Neurobiology of Disease
Viral Expression of Orexin Reduces Cataplexy in Narcoleptic Mice
Meng Liu, Carlos Blanco-Centurion, RodaRani Konadhode, Suraiya Begum, Dheeraj Pelluru, et al.
(see pages 6028–6040)
The sleep–wake cycle is regulated by reciprocal inhibitory connections between sleep-active GABAergic neurons in the ventrolateral preoptic nucleus and wake-active monoaminergic neurons in the brainstem.
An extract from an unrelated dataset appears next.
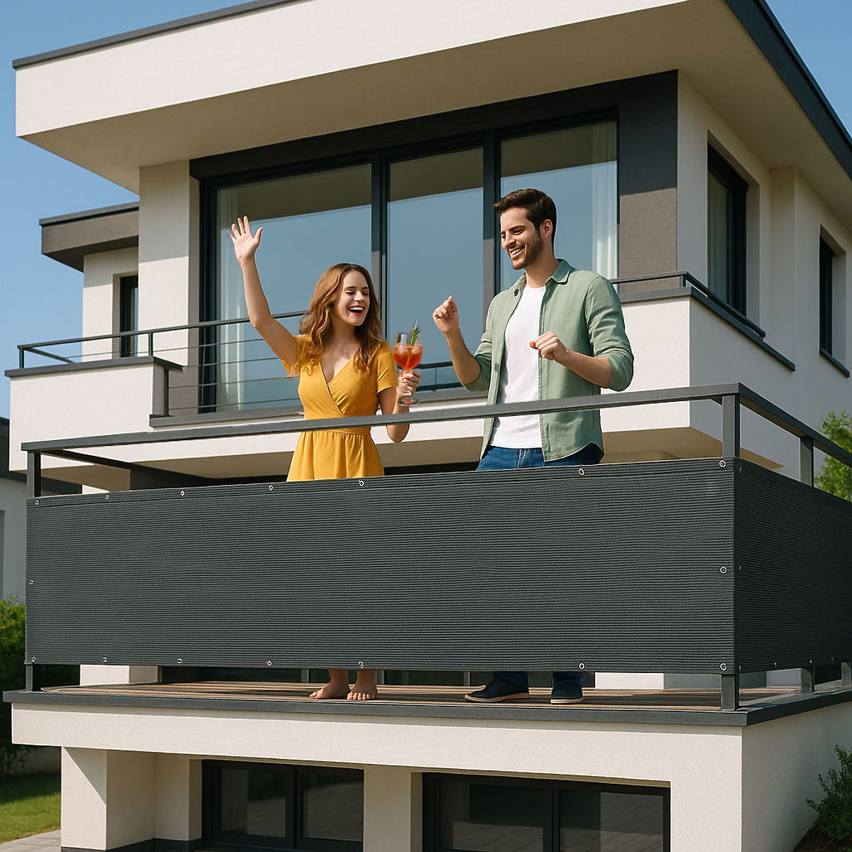 ODPORNOŚĆ I ELEGANCJA W JEDNYMOsłona balkonowa wykonana jest z trwałego materiału HDPE, który charakteryzuje się wysoką odpornością na uszkodzenia mechaniczne i promieniowanie UV, co pozwala jej zachować intensywny kolor nawet przy długotrwałym nasłonecznieniu. Materiał nie absorbuje wilgoci, dzięki czemu jest odporny na pleśń, deformacje i zmienne warunki atmosferyczne. Lekka, ale wytrzymała siatka skutecznie zacienia przestrzeń, jednocześnie umożliwiając swobodny przepływ powietrza.

Hypothalamic orexin neurons—which receive inputs from circadian, emotional, and energy control systems—inhibit sleep-active neurons and excite wake-active neurons, thus preventing inappropriate transitions between sleep and wake states. Loss of orexin neurons causes narcolepsy, characterized by sleep attacks and bouts of sudden muscle paralysis (cataplexy). Liu et al. used adeno-associated virus to express orexin in the zona incerta and lateral hypothalamus of mice in which orexin neurons had degenerated. This restored levels of orexin in the CSF to normal levels and reduced the number and duration of cataplexy bouts. It did not affect the number of sleep attacks, however, suggesting that cataplexy and sleep attacks involve distinct circuits. Orexin neurons express other neuropeptides besides orexin, so reducing sleep attacks might require restoration of another modulator.